Mas a grande surpresa estava por vir. Desconfiada, decidimos fazer um teste de glicemia com um monitor contínuo de glicose após tomar uma dose do produto. Se você não está familiarizado com isso, trata-se de um aparelho que monitora o açúcar no sangue, bastante usado por quem tem diabetes. Esse tipo de teste demonstra a resposta glicêmica do corpo ao ingerirmos determinado alimento.
A partir dos valores do teste é possível identificar facilmente a presença de carboidratos como açúcares e amido nos alimentos, pois eles impactam a glicemia de forma intensa, ao contrário das proteínas e das gorduras.
O gráfico da esquerda mostra estabilidade após o consumo de um whey verdadeiro. O da direita é o registro do que ocorreu nos testes com o produto suspeito: o primeiro deles foi misturando o pó com leite, e resultou em 172 mg/dl — um valor bem alto.
Assim que a glicemia baixou, realizamos outro teste, dessa vez consumindo o pó diluído apenas em água. Em poucos minutos o valor chegou a 190! A seta apontando para cima mostra que a glicemia está subindo rapidamente. Esse resultado ainda maior sugere que o leite usado no primeiro teste minimizou levemente o impacto pois, apesar de conter um pouco de açúcar na forma de lactose, a proteína e a gordura retardam o esvaziamento do estômago.
190 mg/dl é um valor compatível com amido puro, não com proteína em pó.
Além da medida do impacto glicêmico, fiquei curiosa para saber o que ocorreria em um teste qualitativo com solução de iodo, comparando o produto suspeito com um whey protein autêntico. Embora esse teste caseiro não seja um método padronizado, pois não conta com os controles de um laboratório, é sabido que o iodo reage com amido, resultando em uma coloração azul-escura intensa. E, pela lista de ingredientes declarada no rótulo, o beef protein não deveria ter amido.
No experimento, diluí cada um dos pós em copos com água: um contendo whey protein verdadeiro e o outro com o pó suspeito. Os testes foram realizados simultaneamente, utilizando a mesma quantidade de pó e água, na mesma temperatura.

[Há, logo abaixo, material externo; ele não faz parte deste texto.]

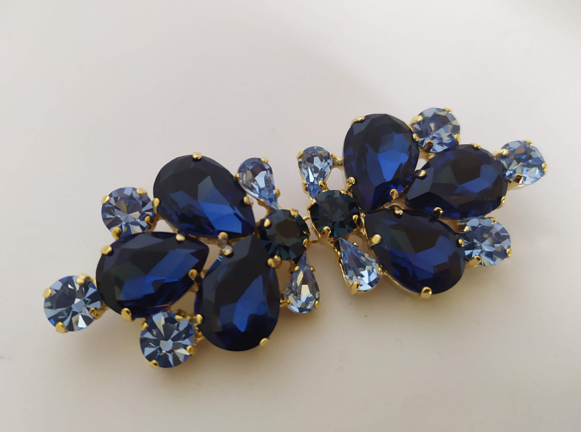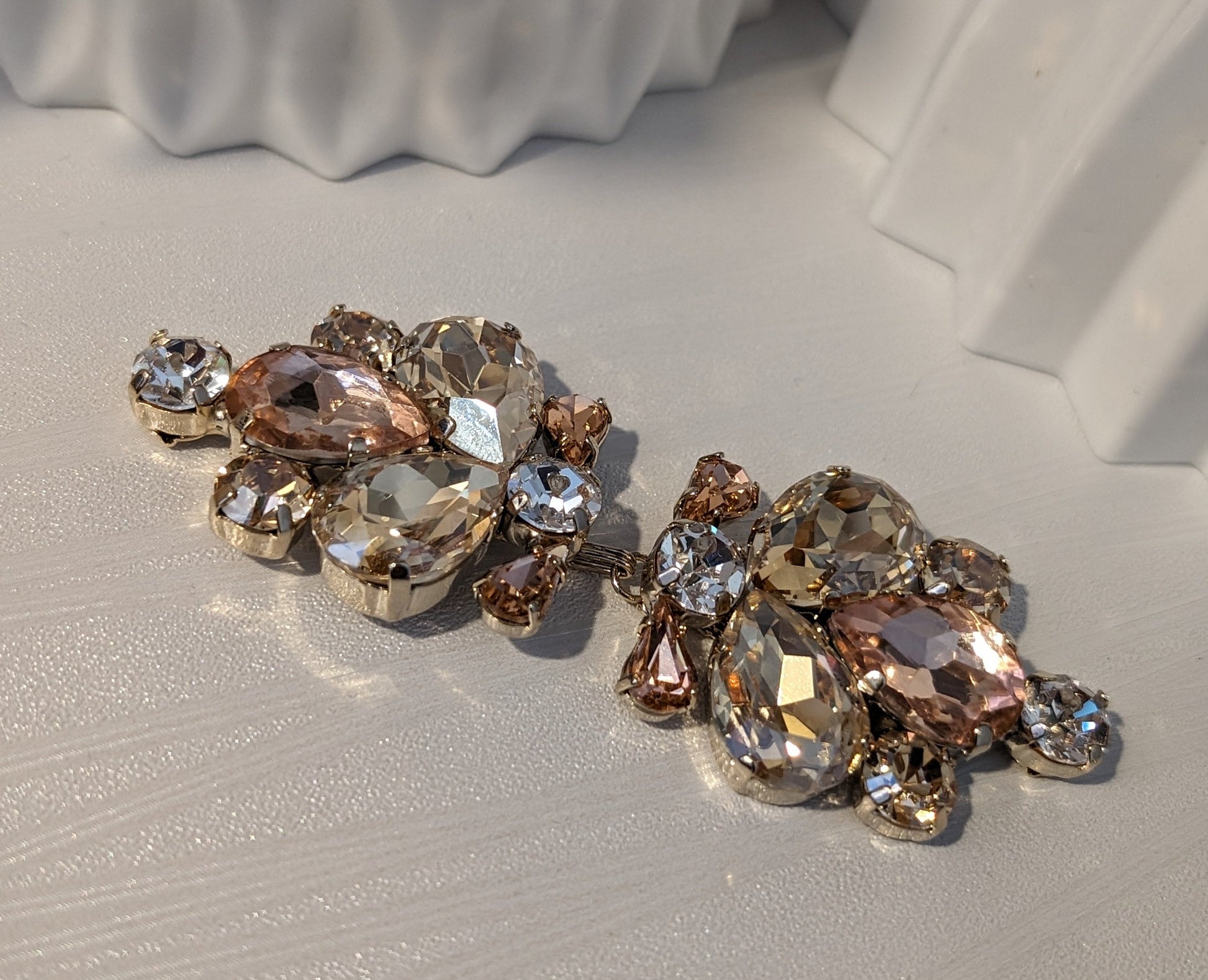 Chiusura ad alamaro bijoux, da applicare su giacche. Lavorazione con pietre e strass Swarovski e Preciosa, anelli per cucitura e gancetti. Lega in stagno e galvanica nichel free.

TESTE QUALITATIVO COM IODO
O resultado foi uma alteração imediata na cor da solução com o pó vendido como beef protein, enquanto a cor do copo com o whey protein autêntico permaneceu inalterada. Ou seja, ao contrário do informado no rótulo, tinha muito amido naquele pó.
O fabricante fantasma
Enviei um email para o fabricante relatando o ocorrido, mas ninguém respondeu. A embalagem do produto não tinha nenhum telefone de SAC para contato e o site informado está fora do ar. Também não localizei nenhum perfil oficial da marca nas redes sociais, o que levanta ainda mais dúvidas quanto a procedência desse produto.
A loja que vendeu o suplemento removeu imediatamente o produto do site assim que foi informada dos testes, e me colocou em contato com um representante que reembolsou o prejuízo financeiro, prometendo enviar o produto para análise após a devolução.

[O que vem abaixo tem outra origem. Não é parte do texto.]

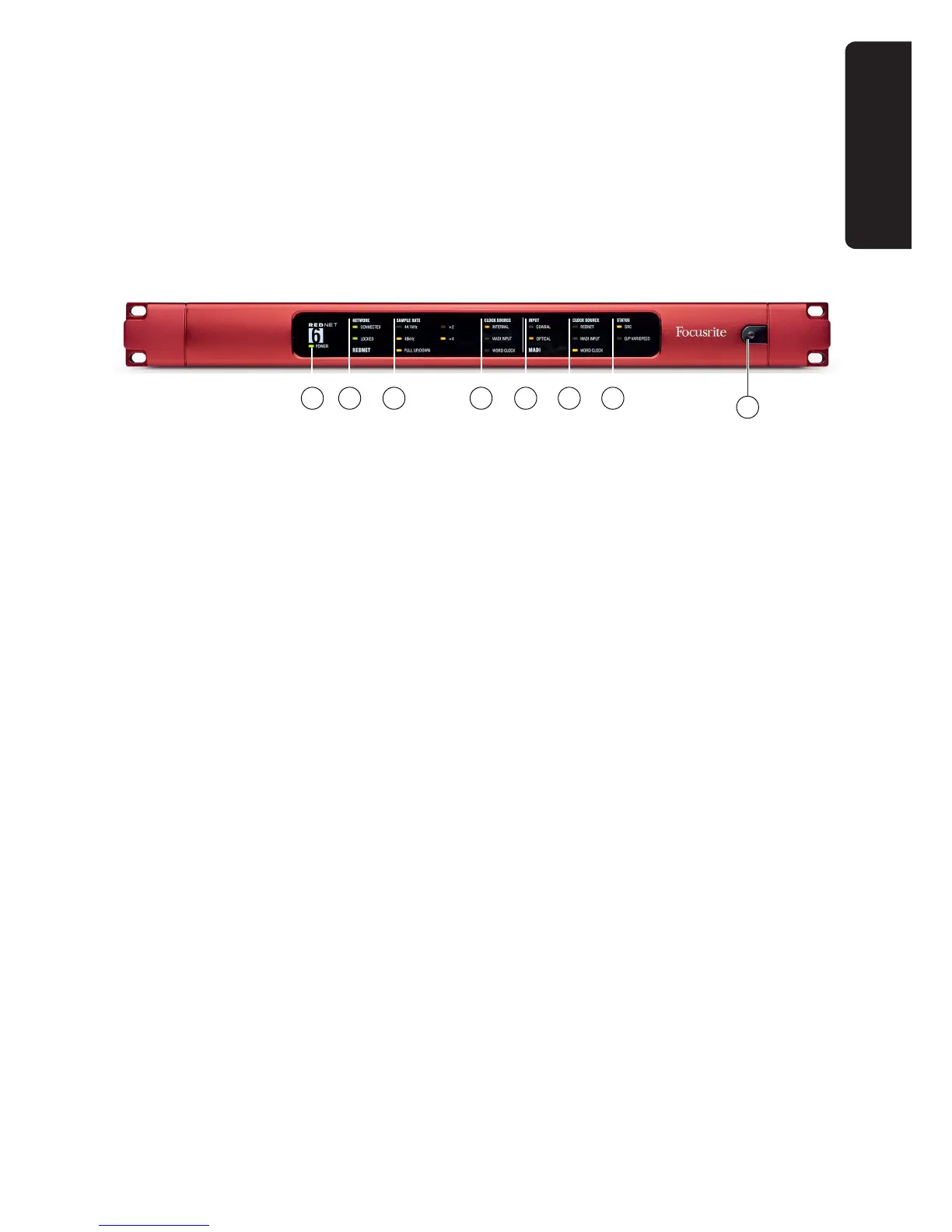 • • INTERNAL – illuminates to indicate the internal RedNet 6 sync clock is in use.

De acordo com o médico José Carlos Souto, autor de Uma dieta além da moda, "ao consumir o pó adulterado, um paciente diabético que não esteja usando um monitor contínuo de glicose poderia sofrer picos diários de glicemia acima de 200 mg/dl sem nem estar ciente disso, algo que sabidamente prejudica os rins, a retina e os vasos sanguíneos do corpo todo, inclusive do coração e do cérebro. Se o produto fosse verdadeiro, o impacto glicêmico seria irrisório e o suplemento seria seguro para esses pacientes".
Suspeito que o conteúdo do pote era maltodextrina, um amido de rápida absorção e altíssimo impacto glicêmico. Se não esse, algum outro similar, mas uma coisa é certa: não era beef protein.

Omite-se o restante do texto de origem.